Collected data:
++++++++

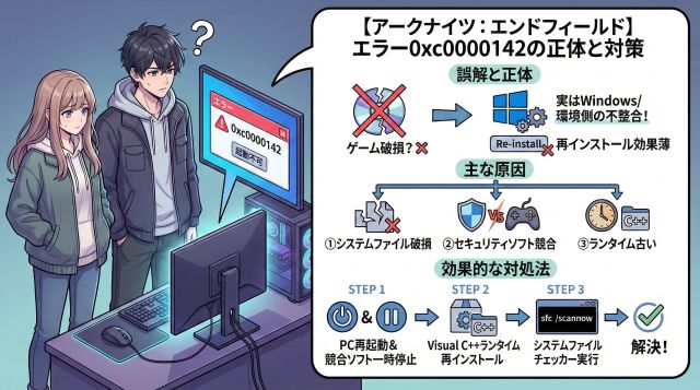 PCで「アークナイツ:エンドフィールド」を起動しようとした際に、0xc0000142という見慣れないエラーが表示されると、「ゲームが壊れているのでは?」と不安になります。しかし、このエラーの多くはゲーム自体の問題ではなく、WindowsやPC環境側の不整合が原因で発生しています。再インストールや整合性確認を何度試しても直らないのは、そのためです。この記事では、0xc0000142エラーの正体を整理したうえで、実際に改善につながりやすい原因と対処法を分かりやすく解説しています。
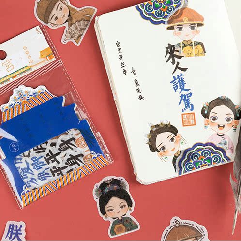 因为喜欢 国潮宫风手帐贴纸 卡通中国风可爱人物手账素材装饰贴画
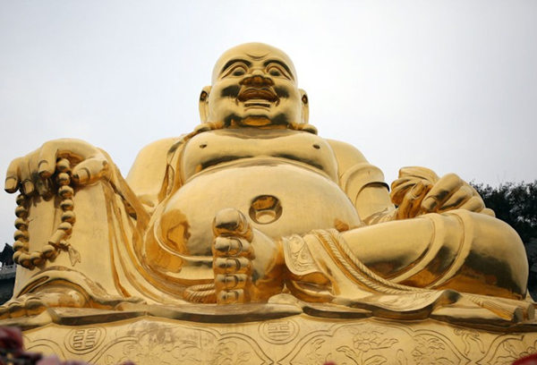 坐落在丰台千灵山顶金灿灿、笑哈哈的弥勒大佛最近很“受伤”。一些游人叩拜祈福之余,攀爬到几米高的佛像上,在弥勒佛裙裾,甚至大肚子上刻字。

++++++++

Problem description:
Print nothing except the lines from the one with "因为喜欢 国潮宫风手帐贴纸 卡通中国风可爱人物手账素材装饰贴画" through the last line of the listing, exactly as written and with pictures removed.

Exercise solution:
 因为喜欢 国潮宫风手帐贴纸 卡通中国风可爱人物手账素材装饰贴画
 坐落在丰台千灵山顶金灿灿、笑哈哈的弥勒大佛最近很“受伤”。一些游人叩拜祈福之余,攀爬到几米高的佛像上,在弥勒佛裙裾,甚至大肚子上刻字。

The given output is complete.